I am 100 percent self-taught in photography. I learned by trying different things to see “what happened”. I think that is the best way to learn – by trial and error. I heard someone once say “how do you learn how to raise a child?”, and the answer was “you have a child”. I read books, I hung out at camera stores, but mostly I just figured it out as I went along. Life is an ever-unfolding experiment anyway, and that is how I learned photography.
What is your process?
My process? Well, when I do a shoot, with horses you have to shoot many frames, hundreds or even thousands, because you know that 98% of it is going to be thrown in the trash for one reason or another. The next step is to do a preliminary edit, where I go through the photos one by one and if anything has potential, I rate it with a star. Usually when I do this, I throw away 90% of what I shot. Then I do a second edit, more slowly, where I narrow things down even more. This is an important step, because when I go through the images, I am not looking for technical “correctness”. Rather, I am feeling which images give me a spark, which images that make me pause and feel something. It’s an emotional process. Then when I narrow it down even more, to perhaps 7 or 8, then I will start to “fine tune” and work on those images to bring out their potential.
Do you use Photoshop or other software or are your photos more natural?
I use Photoshop, but not in a really manipulative sort of way. I basically do what I would have done in the darkroom… darken here, lighten there, work with contrast and saturation, cropping. It’s a lot of little steps that all add up to the final image. I call it “fine tuning” or “bringing out the potential” of an image.
How has technology impacted your artistry and photos?
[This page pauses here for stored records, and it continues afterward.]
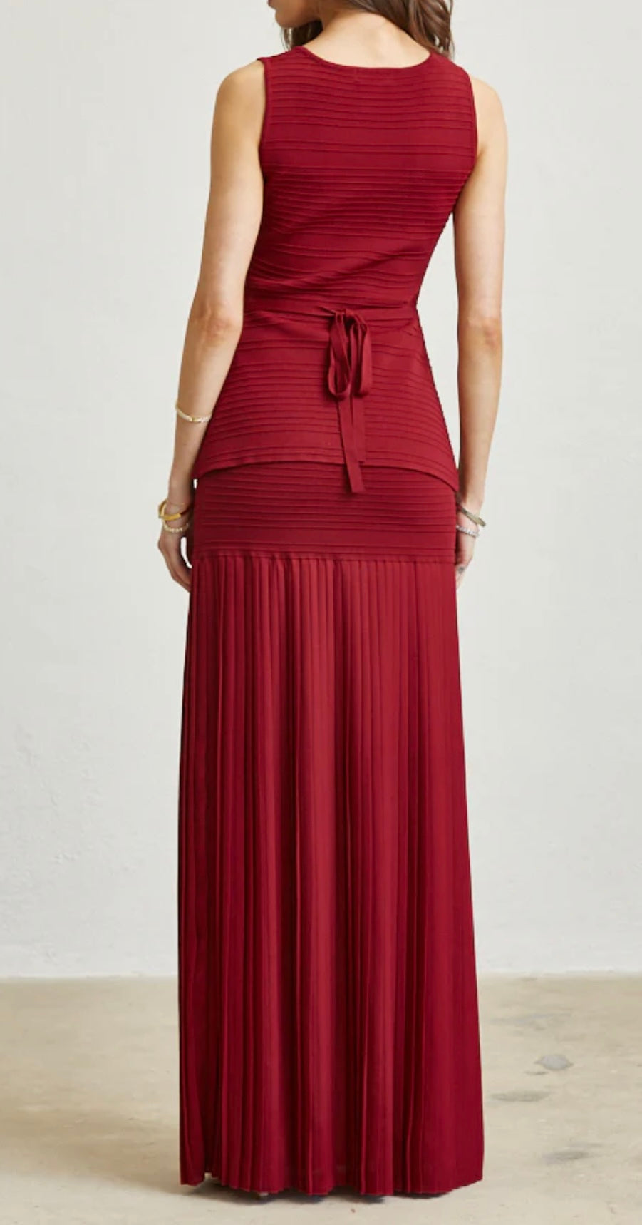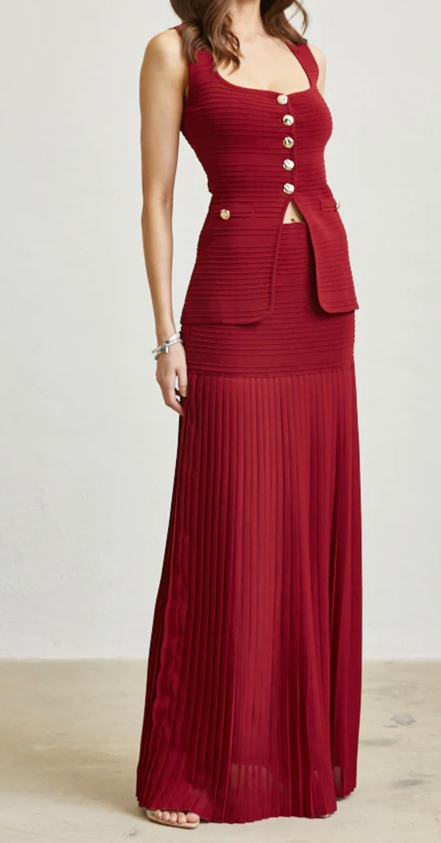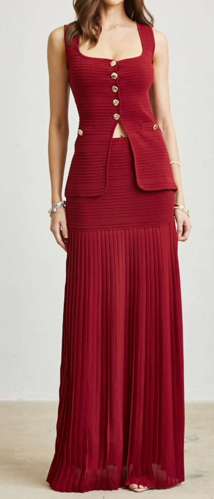 Ribbed bandage knit top and skirt set, accented with statement gold buttons. The top features a partial button-up front with a chic tie-back detail, while the skirt flows into a chiffon pleated maxi silhouette. Finished with a side zipper closure for a seamless fit.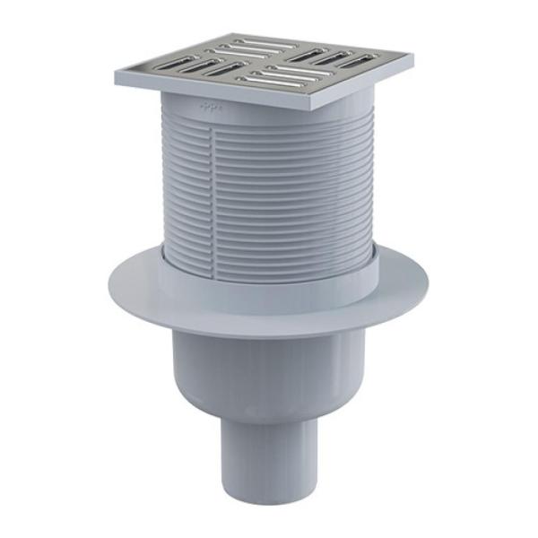 Сливной трап с прямой подводкой, комбинированным гидрозатвором SMART и решеткой из нержавеющей стали. Размер 105х105 мм, отвод 50 мм.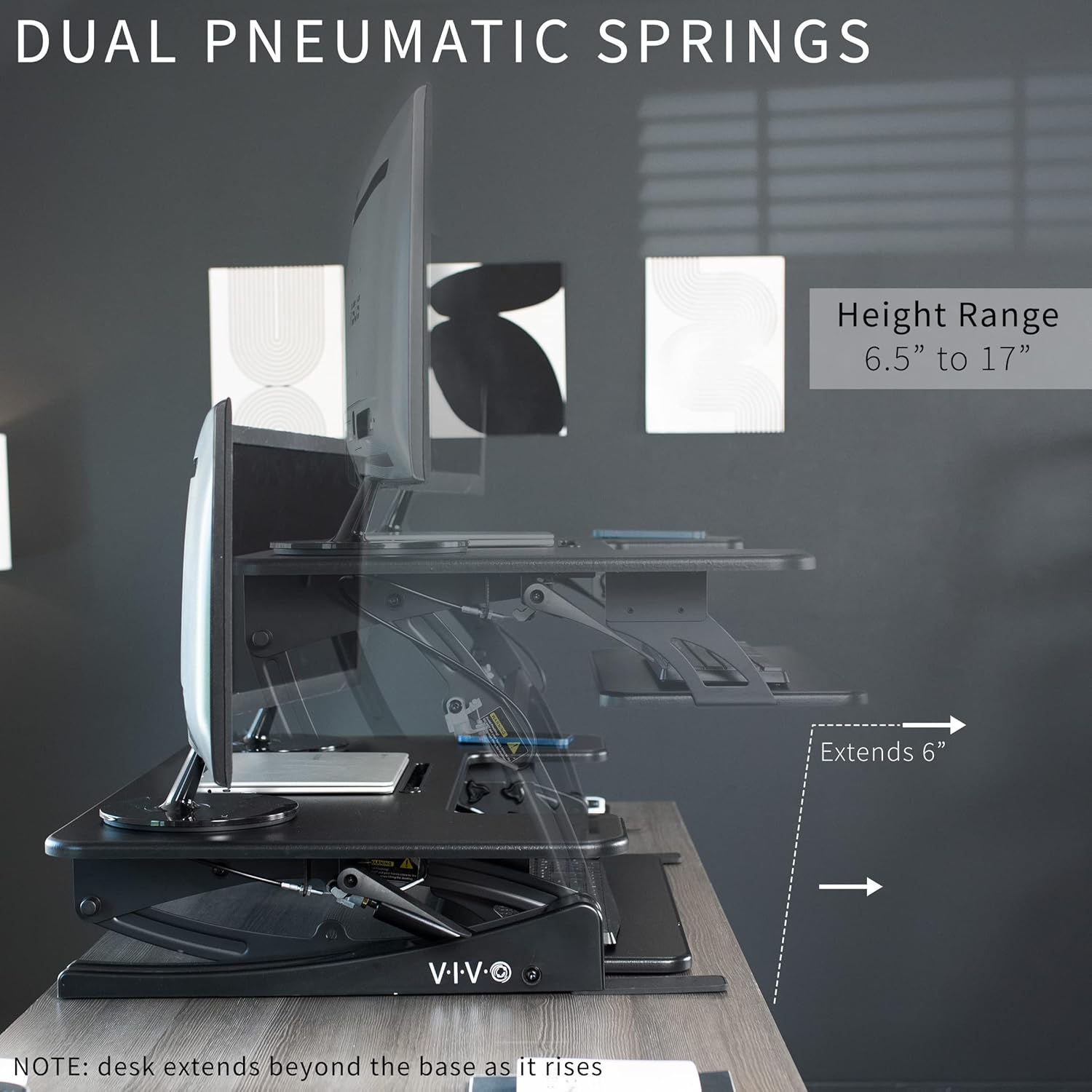 VIVO 36 inch Height Adjustable Stand Up Desk Converter, V Series, Quick Sit to Stand Tabletop Dual Monitor Riser Workstation, Black, DESK-V000V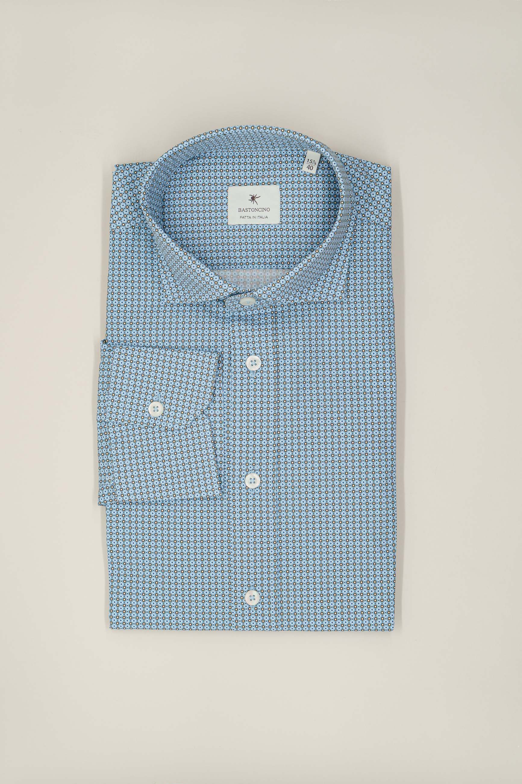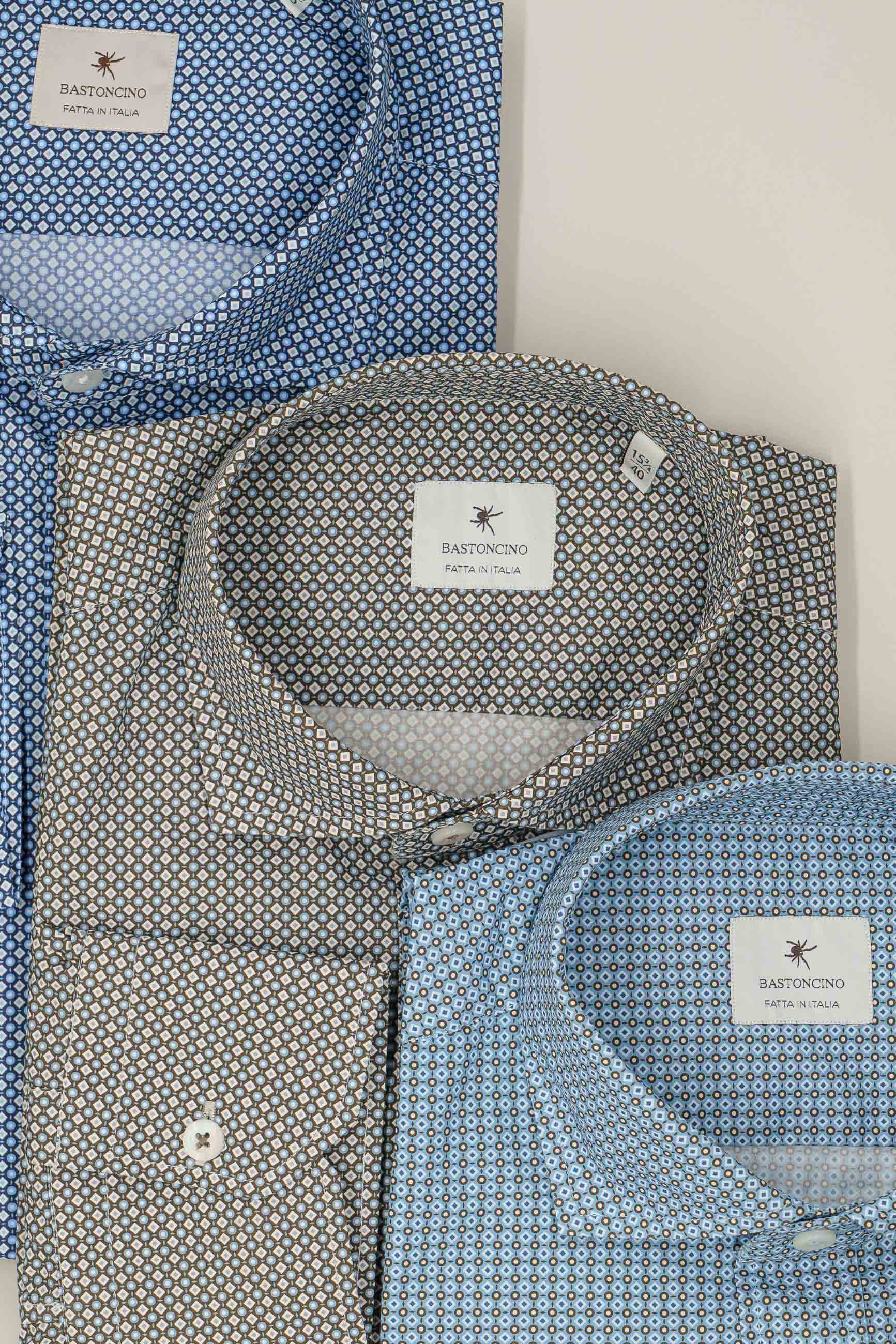 Camicia microfantasia in cotone, vestibilità slim. Un capo versatile, proposto in diverse varianti colore.

I was resistant to the change to digital at first, but then realized that there was great potential, and way less toxic chemistry to deal with. It gave me more tools, ultimately, to work on and create the images. So now I have embraced the technology. The downside of photography is that people now become more reliant on the technology to take a great photo, and it makes it more accessible to everyone, but there is still a certain “mastery” in photography that a camera or technology cannot create.
Where do you photograph – your most common locations? Do you have a favorite place to photograph either as a subject matter or as a background?
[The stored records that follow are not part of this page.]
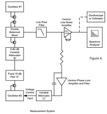 為避免混頻器飽和,一個振蕩器的信號電平會被10dB衰減(衰減器"A")永久衰減.在校準期間,此款有源晶振的電平額外衰減80dB(衰減"B"),以改善頻譜分析儀的動態范圍.振蕩器在頻率上是機械偏移的,并且所得到的低頻差拍信號的幅度表示-80dB的水平;它是所有后續測量的參考.使用掃頻分析儀時,此電平調整到頻譜分析儀屏幕的頂行.使用數字(FFT)頻譜分析儀時,儀器經過校準,可讀取相對于此電平的RMSVOLTS/√Hz.當完全電平恢復到混頻器并且振蕩器被鎖相時,將相對于-80dB電平測量相位噪聲.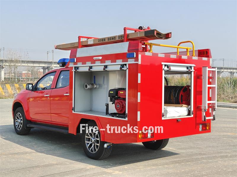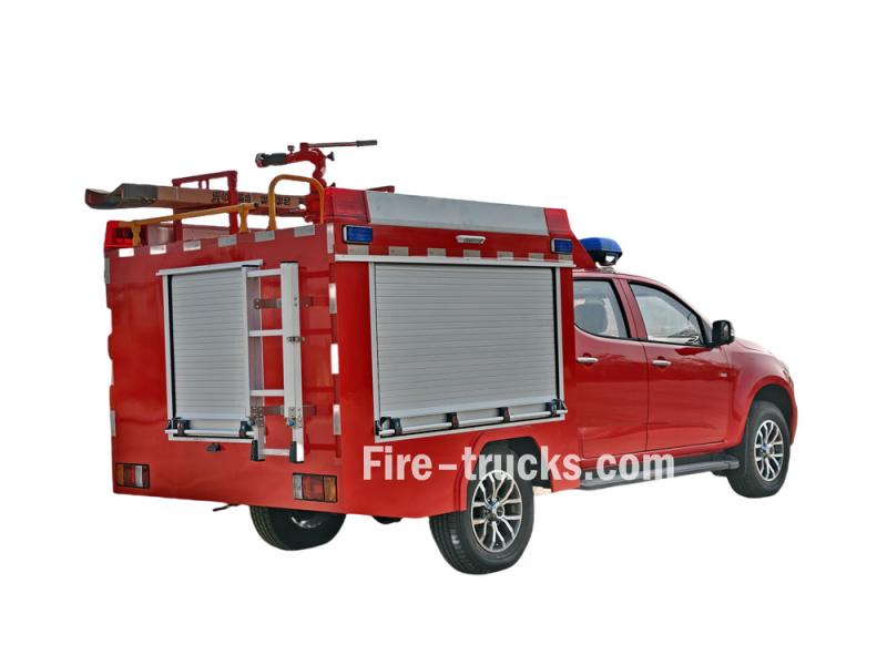 Deze Isuzu pick-up brandweerwagen is gebaseerd op het Isuzu TAGA QL1030CZHW2 Luxury Edition 3.0T diesel 143 pk vierwielaangedreven dubbele cabine chassis. Hij is uitgerust met een Isuzu 4HK1CT6H1 motor en een MLB 5-versnellingsbak. Aan de voorzijde van de opbouw bevindt zich een watertank van 500 liter van koolstofstaal en een schuimtank van 100 liter van roestvrij staal. Achterin bevindt zich de pompkamer, uitgerust met een JBQ4.5/9 handpomp, een elektrische slanghaspel van 50 meter en een PH64 schuim-water mengkraan. Op het dak bevinden zich een PS8/20W brandmonitor, een ladder, een mangat en brandalarmverlichting.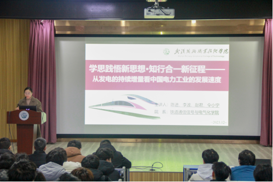 12月14日晚,由学校党委指导、马克思主义学院组织实施的《速度中国》特色思政课第八季第十四讲在厚德厅开讲。金年会jinnianhuicom陈进老师团队带来了以“学思践悟新思想·知行合一新征程——从发电的持续增量看中国电力工业的发展速度”为主题的讲座,金年会jinnianhuicom学生代表聆听了讲座,讲座由雷小梅老师主持。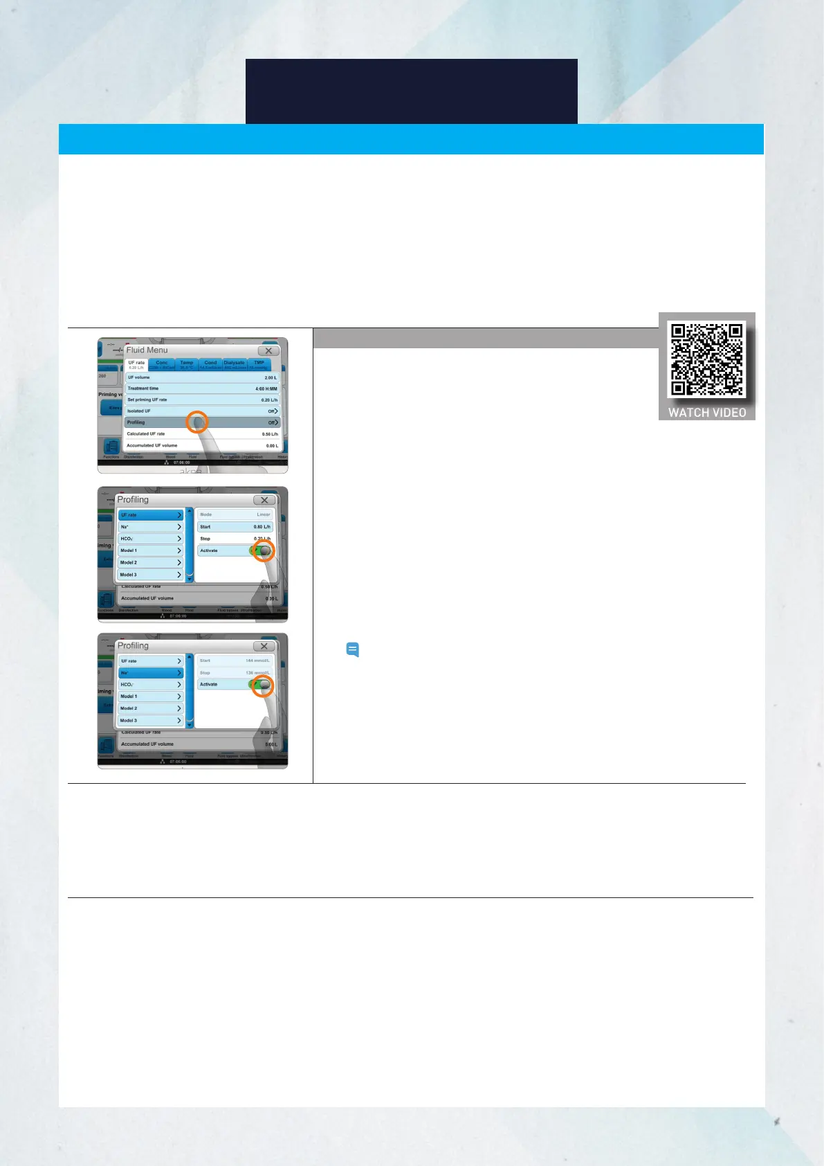 You can define the treatment parameter pattern through profiling. Ultrafiltration rate (UF rate), sodium (Na

Since horses are my primary subject matter, I travel to where the most beautiful horses are. Spain and Portugal would be first on the list, and I would also include the Netherlands. But I have traveled to many countries to photograph horses… Spain, Portugal, The Netherlands, Morocco, Italy, Tunisia, Greece, Turkey, Canada, Mexico. What I do now allows me to travel to many different places.
How do you market yourself – do you have a website or social media that you use to promote your photography?
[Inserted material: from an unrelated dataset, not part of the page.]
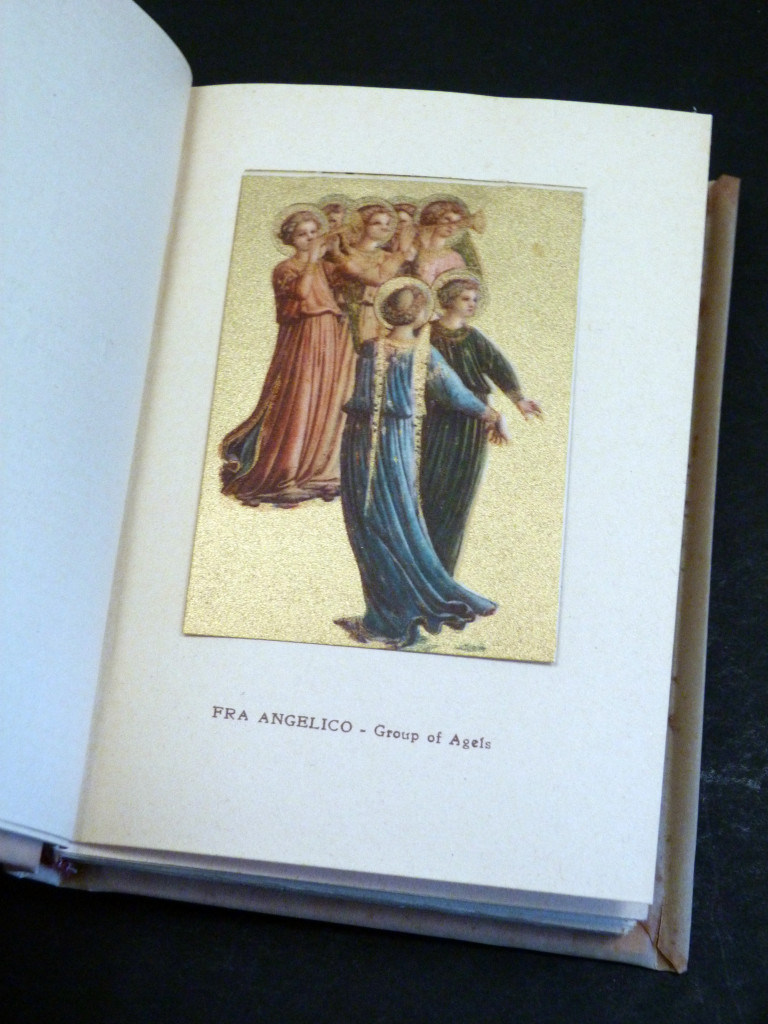 The diary was published by Giulio Giannini of Florence. The boards are covered with parchment which has a simple painted design to the front cover. The diary is titled "Nulla dies sine linea (No day without a line)" and is the sixth edition. It consists of three days per page and is interspersed with tipped in colour illustrations from the great painters of the Reniassance along with a literary quotation. It measures 13.5 × 9.5cm.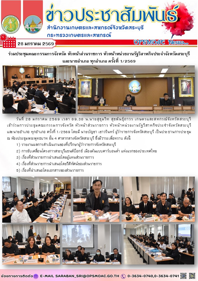 วันที่ 28 มกราคม 2569 เวลา 09.30 น.นายสุขุมวิท สุขพันธุ์ถาวร เกษตรและสหกรณ์จังหวัดสระบุรี เข้าร่วมการประชุมคณะกรรมการจังหวัด หัวหน้าส่วนราชการ หัวหน้าหน่วยงานรัฐวิสาหกิจประจำจังหวัดสระบุรีและนายอำเภอ ทุกอำเภอ ครั้งที่ 1/2569 โดยมี นายบัญชา เชาวรินทร์ ผู้ว่าราชการจังหวัดสระบุรี เป็นประธานการประชุม ณ ห้องประชุมพระพุทธบาท ชั้น 4 ศาลากลางจังหวัดสระบุรี ซึ่งมีวาระเพื่อทราบ ดังนี้

I have a website, a Facebook account, and an Instagram account. I probably use Facebook the most. Most of my clients for workshops come from word of mouth, or from the books and calendars that I have published over the years. It is at a point where I do not have to market aggressively anymore – I have an established name and reputation after over 40 years of doing photography.
Facebook: Tony Stromberg Photography
How do people find you and your photos – do you sell your photos or are you more “to hire” / commission-based?
Workshops are my primary “thing”. People love my work, my style, and they want to learn how I do what I do. They find me through search engines, through my books, through my calendars, through various articles that have been written about my work over the years. It’s a little of everything, I guess. I do sell my photos as large prints through some art galleries, and also privately to individuals or interior designers. I do very little “commission” work anymore.
Have you (your photos) won any awards?
When I was doing advertising photography, my work won many awards because the ad agencies and design firms that I worked for would enter many contests and win, and since I was the photographer on the project, I was part of the team that got the award. I don’t enter competitions anymore, because I don’t feel I need to. I already have recognition. Plus, it gets expensive with all the entry fees.